Place a Dutch oven on the stove; turn heat to medium and fry:
- 2 tbsp. olive oil,
- 1 cooking onion (diced).
When the onion is tender, add:
- 2 cloves garlic (minced),
- 1½ lb. lean ground beef (not extra-lean),
- 2 tsp. salt and 1 tsp. chili pepper.
Brown the beef and break up into small pieces. When the released water is cooked off, add:
- a splash of white wine (½ cup),
- 2-3 large carrots (sliced large),
- 2-3 stalks celery (sliced large).
- 2 (19 oz.) cans pinto beans (drained and rinsed).

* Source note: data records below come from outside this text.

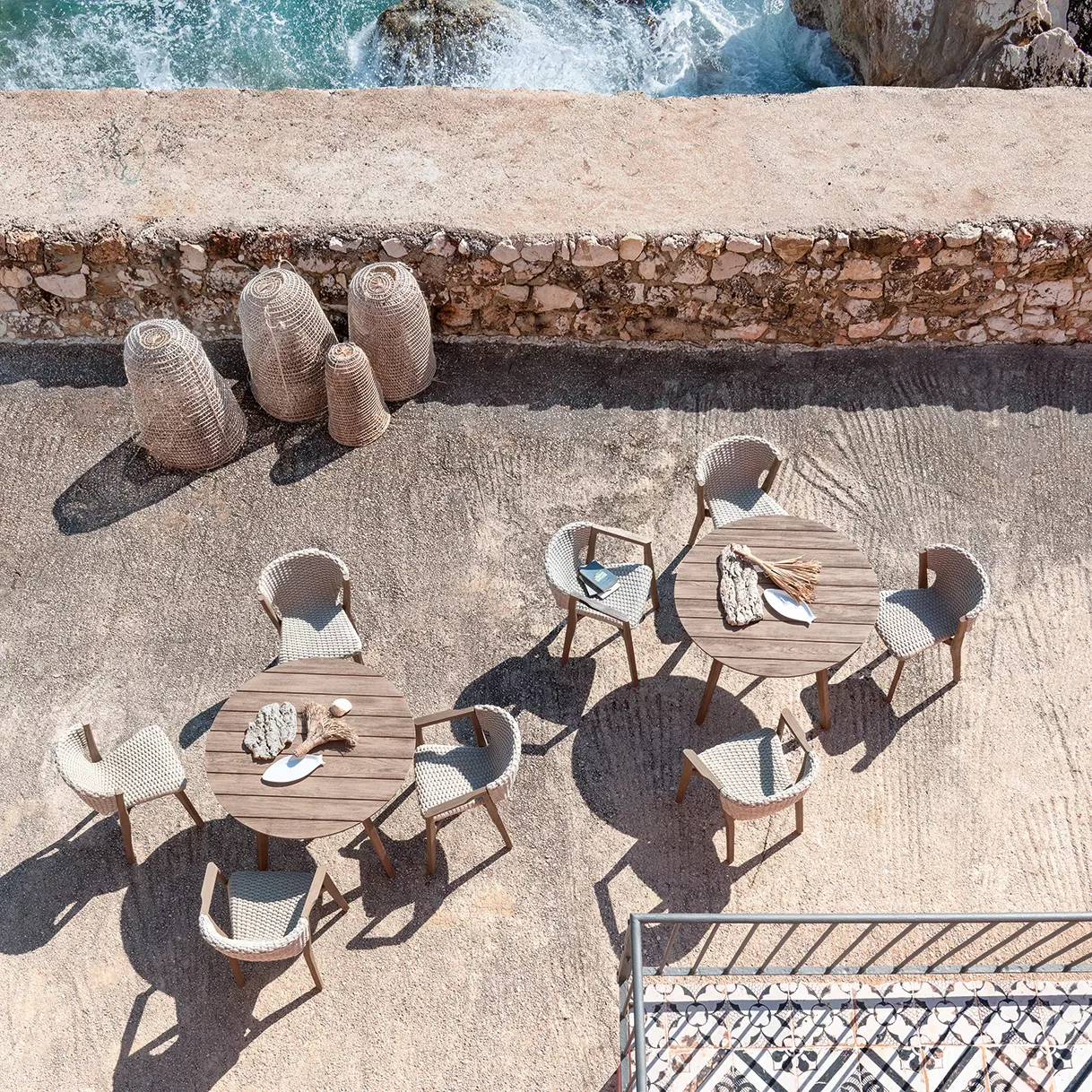 Die Kollektion Knit, erstmals vorgestellt auf der Mailänder Möbelmesse 2014, eröffnet die Zusammenarbeit zwischen Ethimo und Patrick Norguet, französischer Stardesigner, der mit modernen, puristischen Formen und stofflichen Empfindungen, einer besonderen Harmonie, Wärme und Schönheit nachspürt. Ethimo hat den Entwurf von Patrick Norguet, eine originelle Synthese aus Ästhetik und Funktion für das Leben im Freien, in Produkte verwandelt, die mit größter Sorgfalt in jedem Detail ausgeführt sind: vom Gestell der Tische und Stühle aus Teakholz bis zum synthetischen Flechtwerk des Lehnstuhls, auf elegante Weise ideal für Garten und Terrasse. Knit ist nicht nur raffiniert, sondern auch intelligent in jedem Detail; so der mittlere Schlitz im runden Tisch, der einen praktischen Griff für seinen Transport abgibt.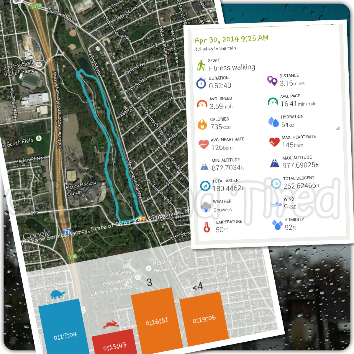 We decided that we would try and tough it out. The rain never really slowed down but we squeezed out almost 3.25 miles.
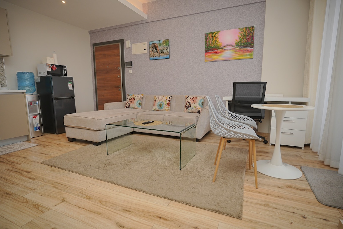Ovo jedinstveno mesto od 9 minuta do aerodroma ima svoj stil. Mirno okruženje. Vrlo čist. dobro namješten i moderno opremanje koje je privlačno, udobno i može da primi i porodicu i pojedinca. Blizina aerodroma. SGR i tržni centri. Domaćin ima WI-FI, Netflix i uslugu čišćenja, stoga je savršen za ugošćavanje za zaposlene osobe Opustite se sa celom porodicom u ovom mirnom smeštaju. udoban ortopedski dušek/čistu i posteljinu. Stambena zgrada ima danonoćno obezbeđenje.

Sauté 5-10 minutes, and then add:
- 1 (10 oz.) can mushrooms (drained and rinsed),
- 1 (28 oz.) can plum tomatoes (hand-squashed),
- 1 cup water (use the tomato can and swish out the remains).

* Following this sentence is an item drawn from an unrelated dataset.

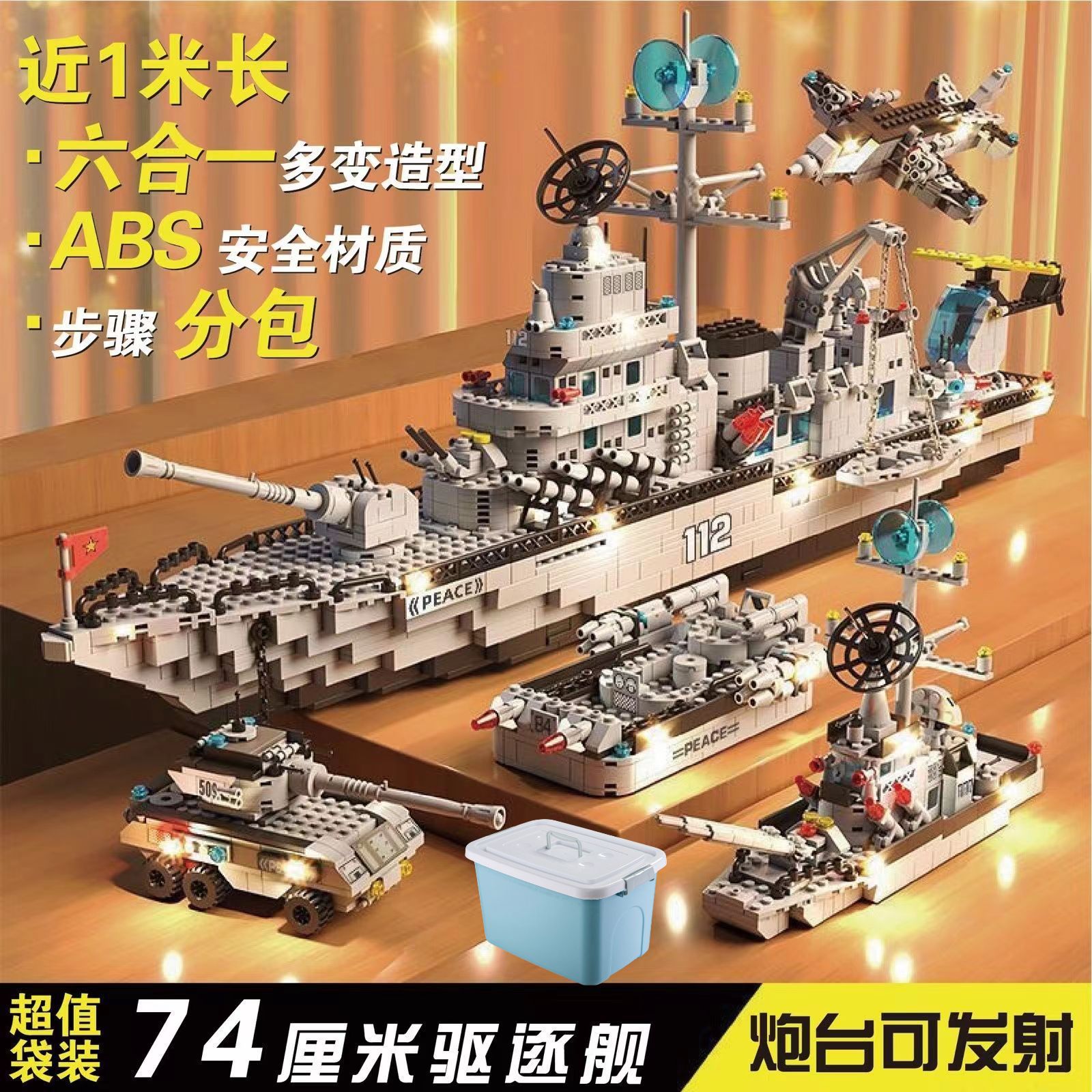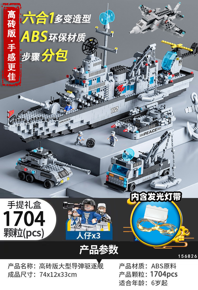 74cm guided missile destroyer + light +3 doll toy 1704 particles [luxury gift box]]

Cover and bring to a boil. Then turn heat down to low and simmer for 1 hour, stirring often to make sure nothing sticks to the bottom.
Uncover and simmer a few more minutes until it starts looking good (remember, chili thickens as it cools). Let cool for 30 minutes before serving.
Serve with French bread or over rice.
- Chili is always better served the next day.
- Stir from time to time when cooling to release heat.
- Make sure you have sufficient carrot and celery—it’s really important.
- If you're in Phoenix, try red or green bell pepper in place of the celery.
- You can substitute red kidney beans, but it's a Mexican dish and they put pinto.
- Don't get freaked out by the wine; it's just added for flavour. If you don't like wine, leave it out.
When you make chili, make lots. I like to rehydrate 2 lbs. dried pintos (which yields 5 cans) and double everything except the mushrooms.